• **Data shown**:
○ ○ ○ ○ ○

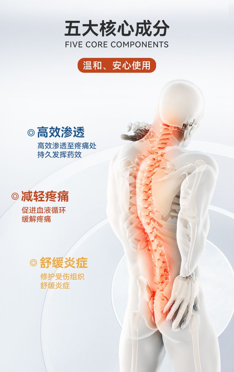 | 作用機理 | 藥物滲透至疼痛處持久發(fā)揮藥效、促進血液循環(huán)緩解疼痛、修護受傷組織、舒緩炎癥 |
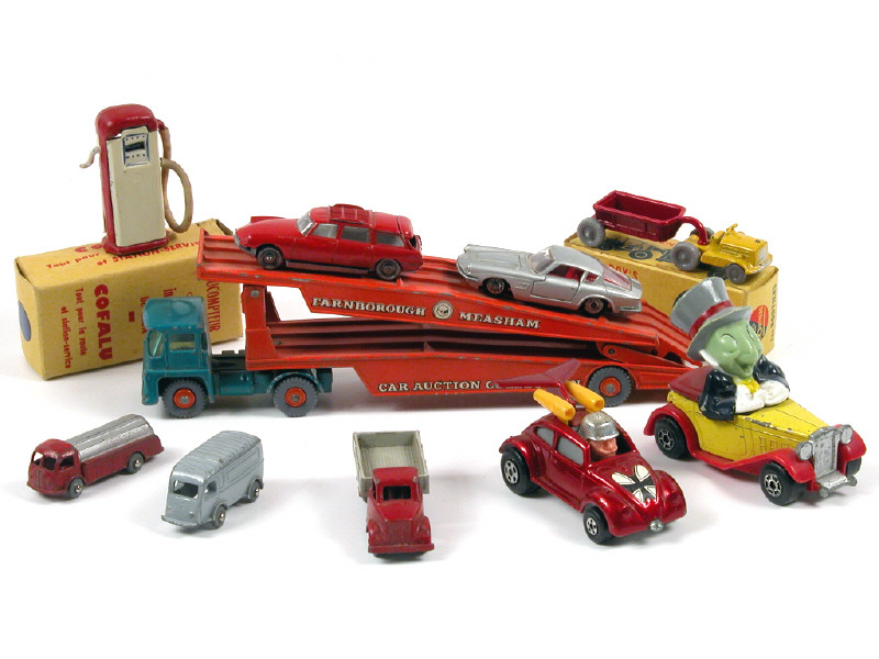 petites échelles - états de 'A' à 'E' - on y retrouve les marques : MATCHBOX, BESTBOX, PENNY, C.I.J., COFALU, MERCURY & LES ROUTIERS - 2 modèles avec boîte & un autre incomplet - small scales - from 'A' to 'E' conditions - includes the aforementioned makes - 2 models with box & an other incomplete
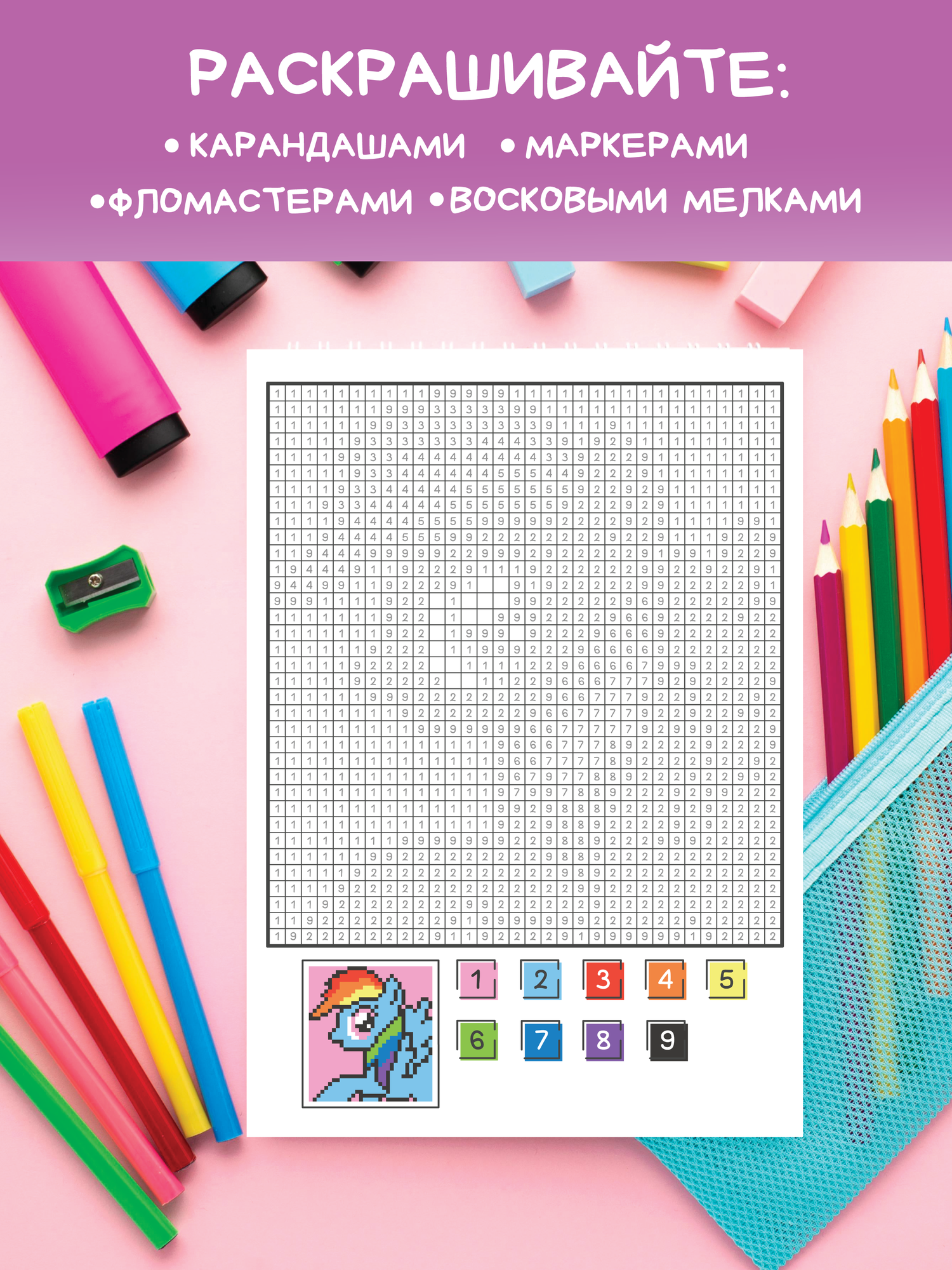Раскраска пиксельная по клеточкам и номерам для девочек. Антистресс-раскраски для детей интересное:

○ ○ ○ ○ ○

Beginning with the line where "petites échelles - états" appears, restate word for word every line down to the last one in the data, but keep the pictures out.

 petites échelles - états de 'A' à 'E' - on y retrouve les marques : MATCHBOX, BESTBOX, PENNY, C.I.J., COFALU, MERCURY & LES ROUTIERS - 2 modèles avec boîte & un autre incomplet - small scales - from 'A' to 'E' conditions - includes the aforementioned makes - 2 models with box & an other incomplete
Раскраска пиксельная по клеточкам и номерам для девочек. Антистресс-раскраски для детей интересное:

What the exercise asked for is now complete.